[Exercise prompt] Write an exact copy of the entries below that leaves out all pictures.

Collected data
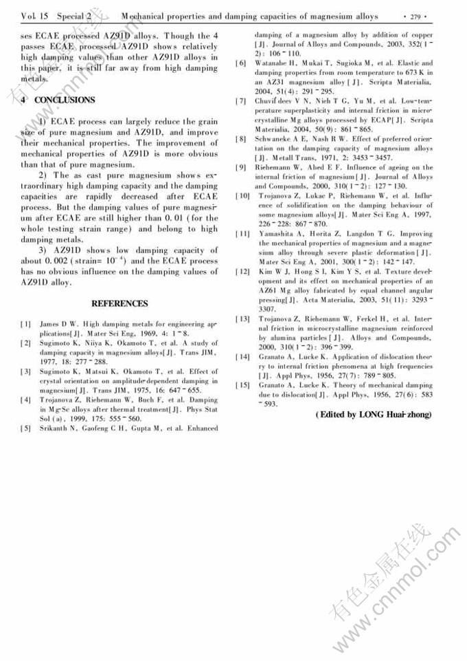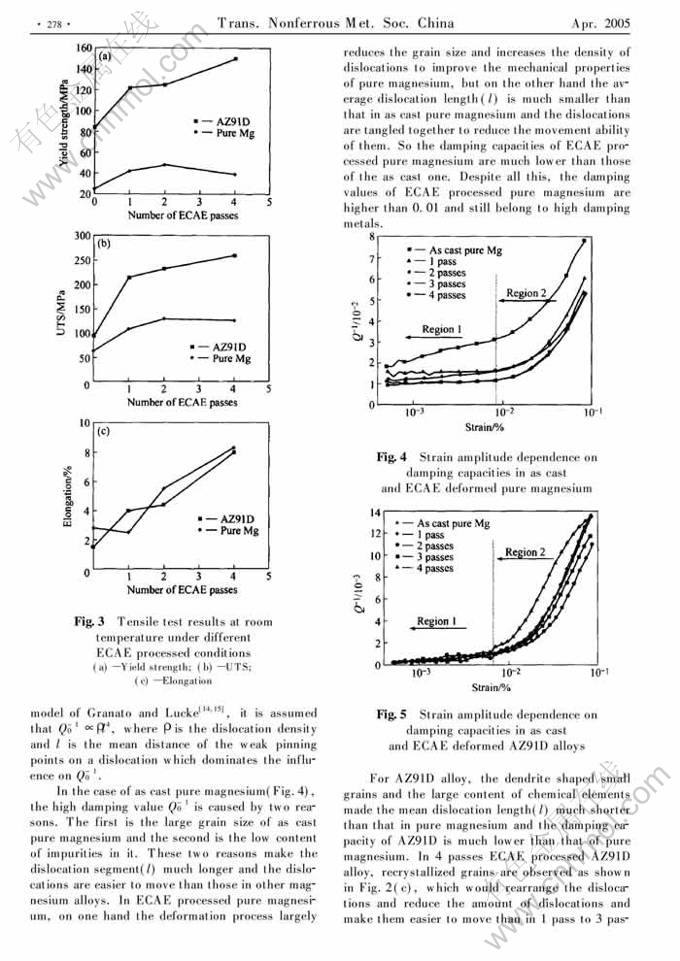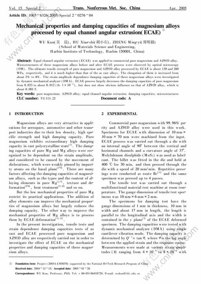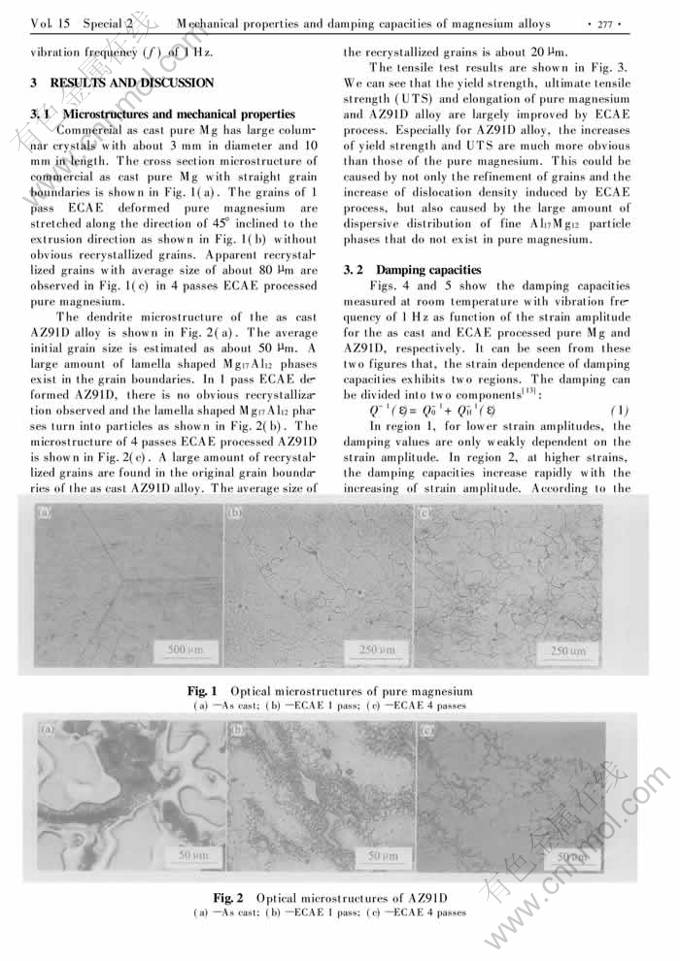 Key words:pure magnesium; AZ91D alloy; equal channel angular extrusion; damping capacities; microstructures
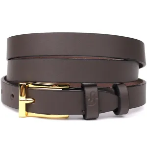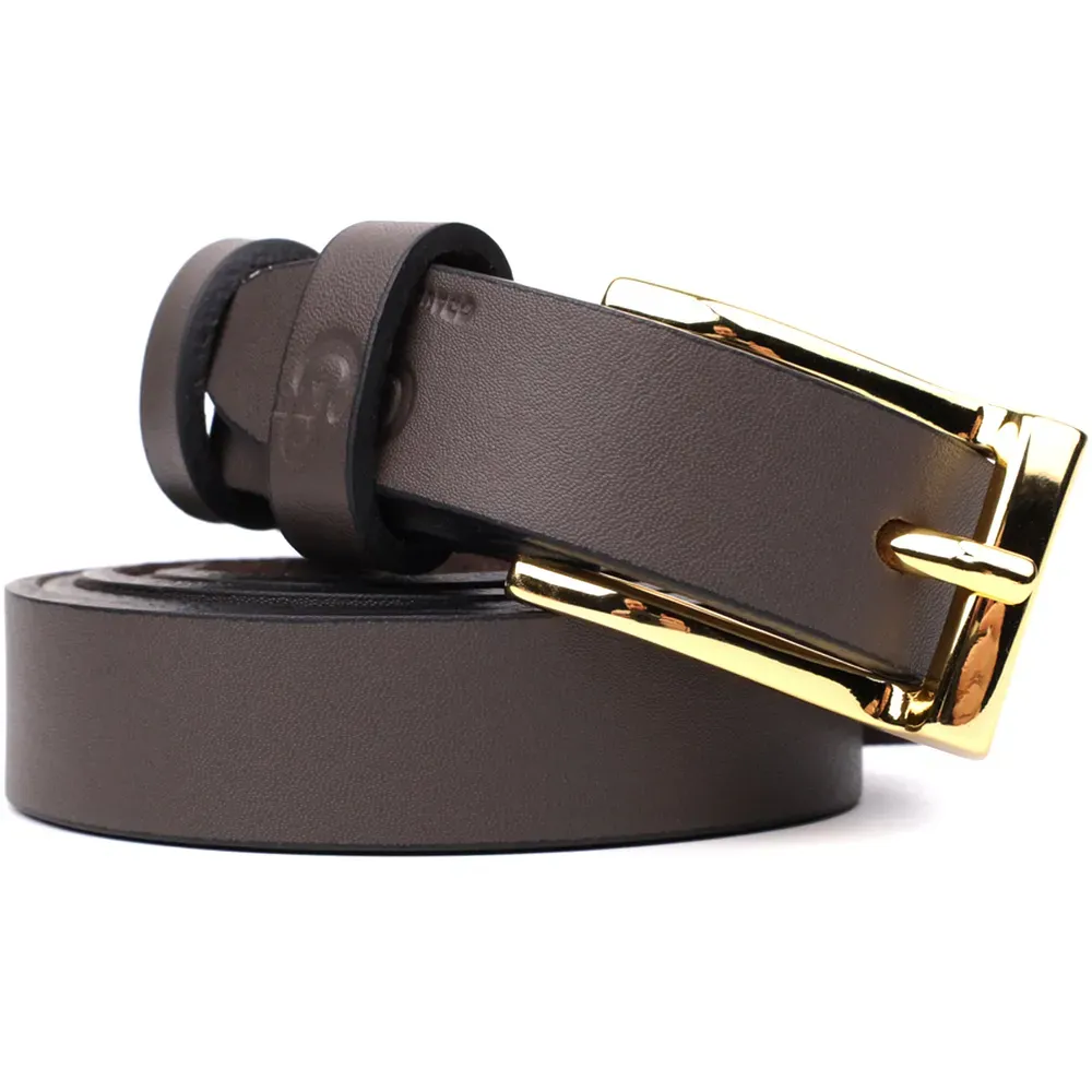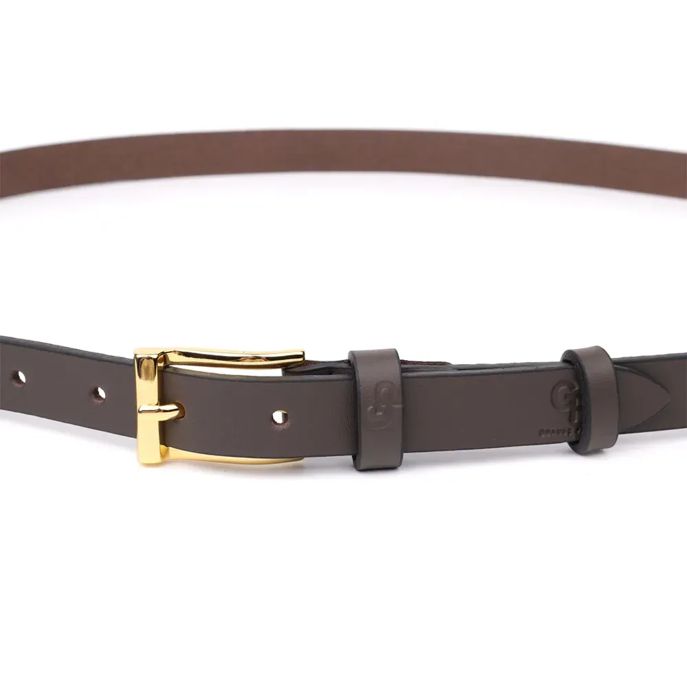 Пряжка прямокутної форми у кольорі під жовте золото гармонійно контрастує із глибоким коричневим відтінком шкіри, створюючи стриманий, але виразний акцент. Тиснений логотип бренду підтверджує оригінальність та преміальну якість виробу.
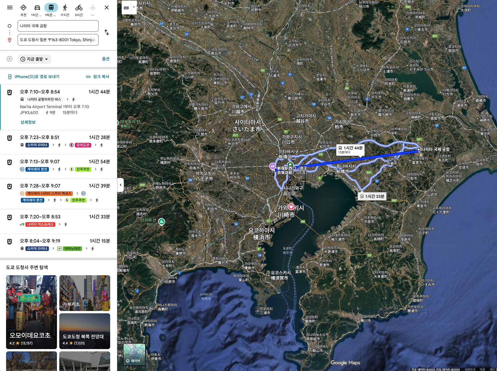 나리타 국제공항에서는 도쿄 도청을 찍었을 때,
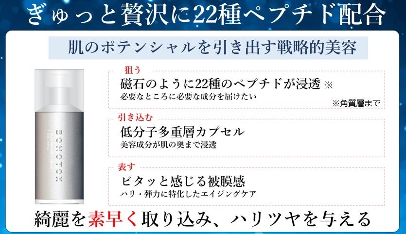 「BONOTOX セカンドスキンクリーム」は従来の美容概念を打ち破るビューティ×サイエンス×テクノロジーを駆使し、医療密閉療法から着目した「高分子美容成分膜形成」技術(美容成分タンパク質)で作られる高機能エイジングケア*パックです。
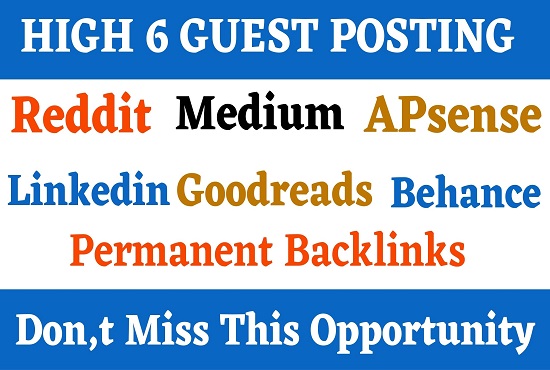 I will write 6x400+ unique articles and publish the guest post on high DA90+ Medium, Reddit, Apsense, Linkedin, Goodreads with Permanent backlinks. Authority backlink to increase the traffic as well as google rankings.
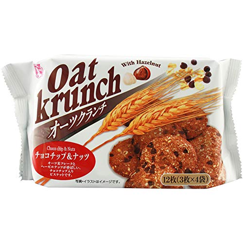 原材料:小麦粉、オーツ麦フレーク、チョコチップ(砂糖、植物油脂、ココアパウダー)、砂糖、植物油脂、水飴、ココアパウダー、食塩、ヘーゼルナッツ、膨脹剤、乳化剤、香料、(原料の一部に大豆を含む)

[Response to this exercise]
 Key words:pure magnesium; AZ91D alloy; equal channel angular extrusion; damping capacities; microstructures
 Пряжка прямокутної форми у кольорі під жовте золото гармонійно контрастує із глибоким коричневим відтінком шкіри, створюючи стриманий, але виразний акцент. Тиснений логотип бренду підтверджує оригінальність та преміальну якість виробу.
 나리타 국제공항에서는 도쿄 도청을 찍었을 때,
 「BONOTOX セカンドスキンクリーム」は従来の美容概念を打ち破るビューティ×サイエンス×テクノロジーを駆使し、医療密閉療法から着目した「高分子美容成分膜形成」技術(美容成分タンパク質)で作られる高機能エイジングケア*パックです。
 I will write 6x400+ unique articles and publish the guest post on high DA90+ Medium, Reddit, Apsense, Linkedin, Goodreads with Permanent backlinks. Authority backlink to increase the traffic as well as google rankings.
 原材料:小麦粉、オーツ麦フレーク、チョコチップ(砂糖、植物油脂、ココアパウダー)、砂糖、植物油脂、水飴、ココアパウダー、食塩、ヘーゼルナッツ、膨脹剤、乳化剤、香料、(原料の一部に大豆を含む)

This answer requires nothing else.